OpenVZ has implemented a system called beancounters to address these factors. In the following pages, we'll have a look at how this and other methods are combined to achieve isolation and efficient resource management.



Beancounters

Current day resource management in Linux is certainly adequate for management of a conventional operating system, but when trying to provide limited resource sets for contained groups of processes, it falls a bit short. Of these resources, memory is the most notable, so an important task is to keep track of the amount of pages each process is allowed to use.

For this reason, OpenVZ has implemented an addition to the kernel called beancounters (BC). These kernel-level objects keep track of the resources available and can notify the kernel of user space processes that are overstepping their boundaries.
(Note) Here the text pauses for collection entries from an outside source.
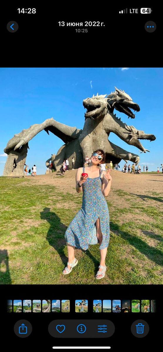 🍅Кудыкина гора: история одного помидора)🍅 Это я в 2022 году на Кудыкиной горе: стою довольная с помидором, даже не подозревая, что через 3 года в это же самое время буду уже стоять со своим помидором любимым❤️ Интересно, что многое изменилось на горе: больше нельзя погулять с ламой Винсом (зато есть ленивый верблюд Дуку, который так и не встал за все время, пока мы там были😂), сделали велосипедную дорожку и в замке все теперь для детей)) Но осталось и неизменное: покушать по-прежнему можно всего в одном месте, остались лабиринт с помидором и ангелы на горе, с которыми фоточки не очень😅 Змей-Горыныч рычит в 20)) Только теперь почему-то очень уж мало он рычит) А настоящее представление начинается после: когда все бегут к своим машинам, чтобы не встать в огромную пробку, обгоняя друг друга и создавая панику)) Поскольку я тут не первый раз, мы машину поставили максимально близко, чего и вам советую, если соберетесь сюда приехать) А наш путь лежал дальше.. #вивыходные #июньскийтри
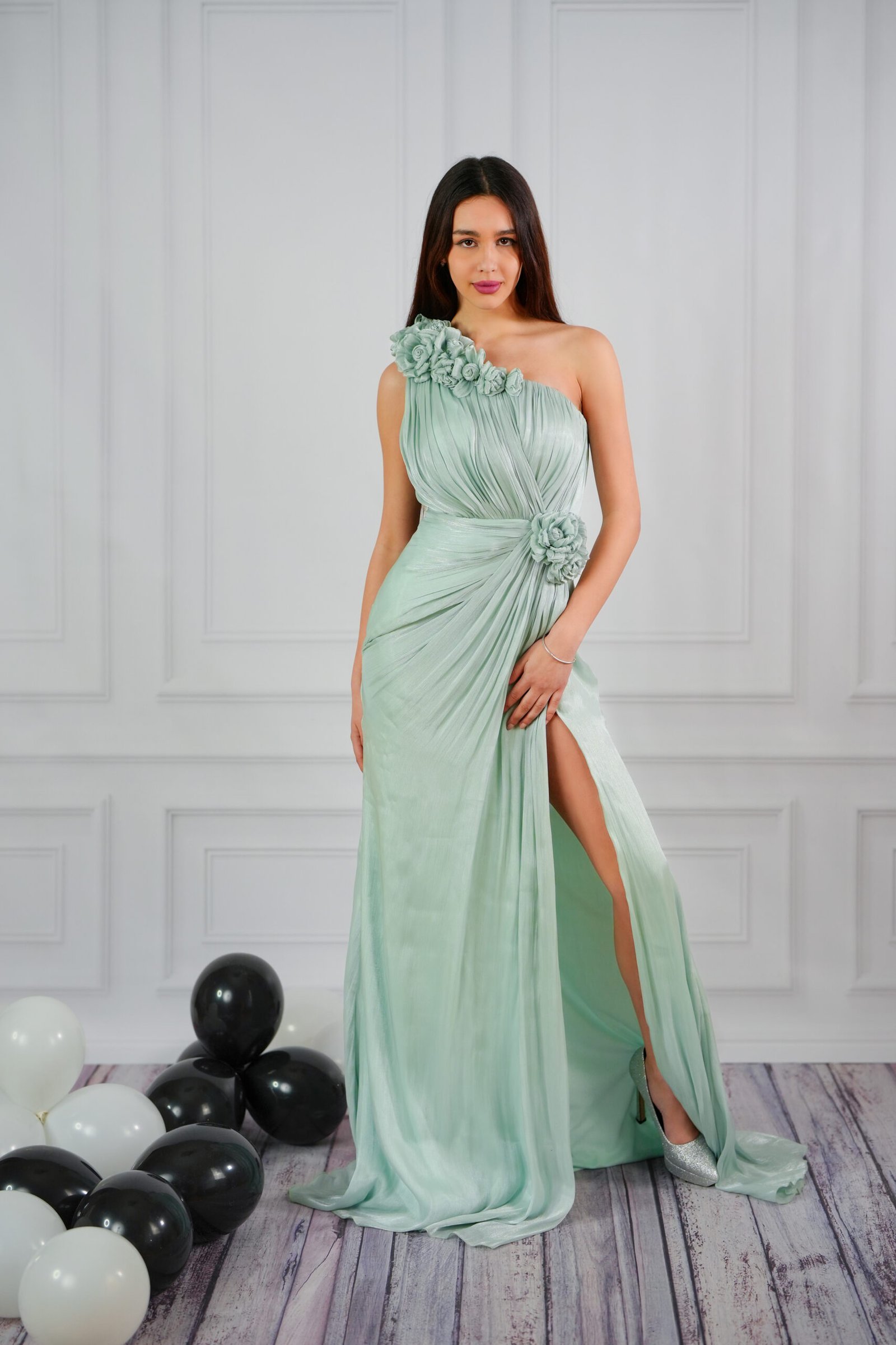 Елегантна дълга рокля в нежен ментов нюанс, която излъчва изисканост и романтика. Асиметричният дизайн с едно рамо е допълнен от изящни флорални апликации, които придават деликатен и женствен завършек. Фините плисета подчертават талията и придават динамика на силуета.
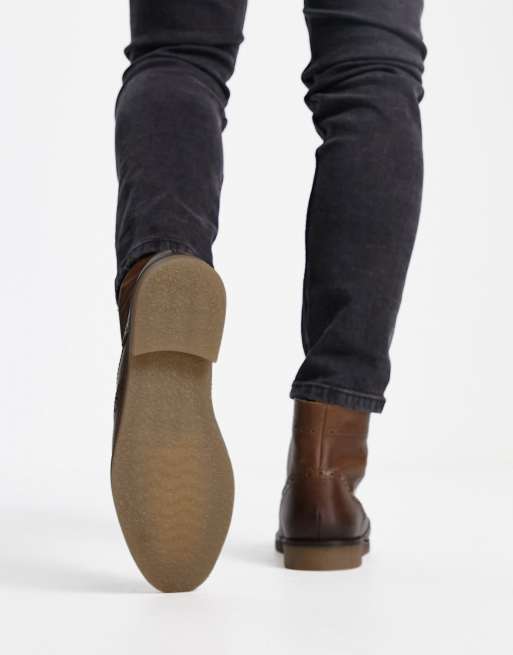 ASOS DESIGN brogue boots in tan leather with natural sole
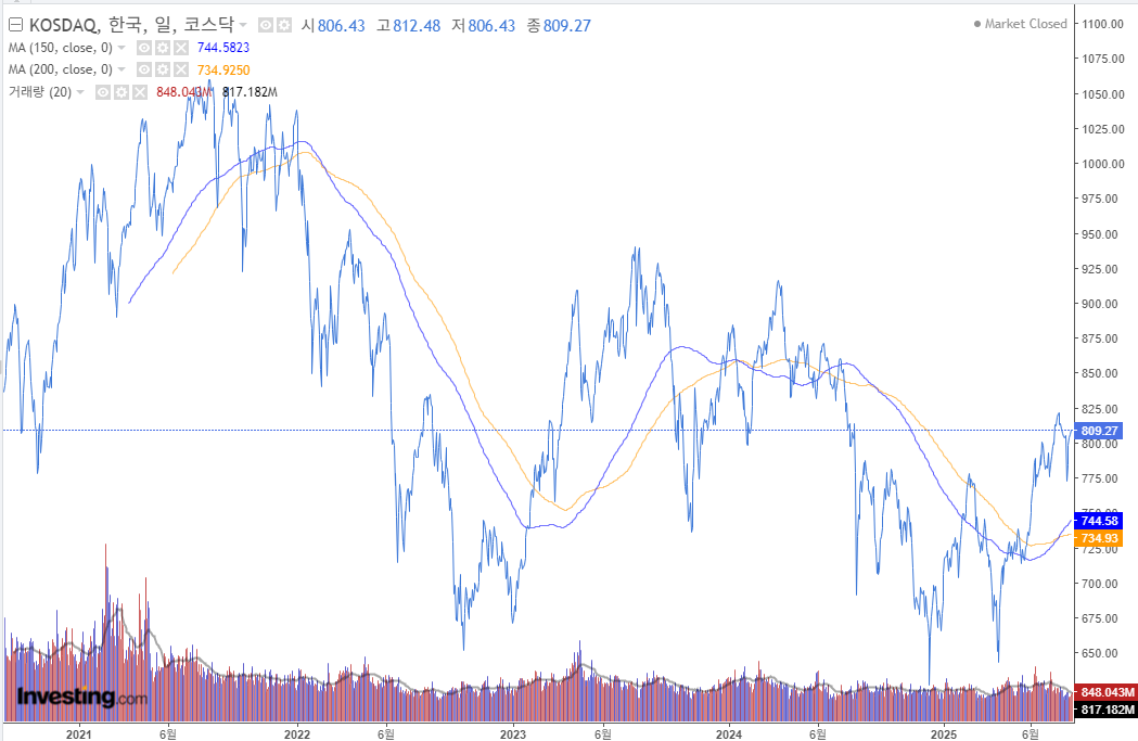 3. 한국 : 거래대금이 아쉬운 상황에서 강한 주도주가 있다고 보기보다는 상반기 트럼프 사태때처럼 주도주가 없으니 조선은 갈 길가는 느낌이다. 전력주의 흐름도 나쁘지가 않다. 원전 쪽에 다시 시세가 나올까 하는 기대감으로 비에이치아이도 돌파매수하였는데, 애매하게 풀백을 주면서 포지션을 빠르게 정리하였다. 그 자금으로 HD현대일렉을 매수하였다. 돌파를 기대한다. 이제 조금 있으면 실적에 대한 이야기가 나올 때가 되어가고 있다. 그런 반영들이 언제 어떻게 일어날지는 모르겠지만, 실적발표 후 쉬었던 실적주를 다시 보기에 나쁘지 않은 시기 같다고 생각한다. 해당 종목들의 풀백자리는 의미가 있을 것이라고 본다.
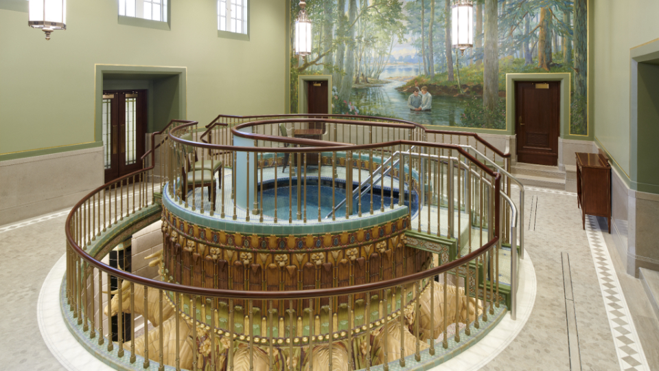 “When you walk in the grand hall today, that’s about as close as we can get to the original without moving sections back around the room,” said Emily Utt, historic sites curator with the Church History Department. “When you look at the mural of John the Baptist ordaining Joseph Smith and Oliver Cowdry to the priesthood, [John] has rays of light coming from him. All of those rays of light had been obscured over the years by other people painting over them. And so the mural conservators came in. They removed those elements. And J. Leo Fairbanks’ original John the Baptist is back in his full glory in this temple.”
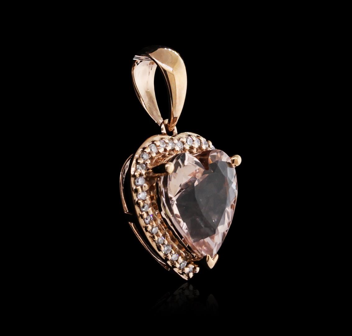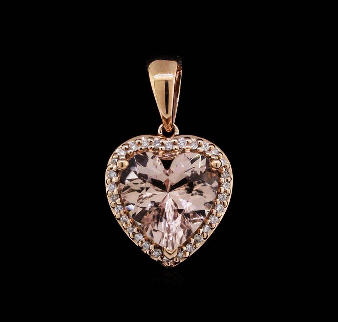 One pendant featuring: 14KT rose gold weighing 1.26 grams containing one morganite with a total weight of 2.71ct and 30 round diamonds with a total weight of 0.11ct.

Since containers are no more than groups of processes, actual allocation of memory and other resources requires no large changes. However, upon creation of a new container, an "init" process is made for it. Readers familiar with Linux-based systems will recognize this process as the proverbial mother of all processes, and in containers it is no different. Upon creation, the process is assigned to a beancounter object by the OpenVZ software. As a result, each of its child processes is bound to it. From that point on, the BC controls the maximum amount of resources available to that container.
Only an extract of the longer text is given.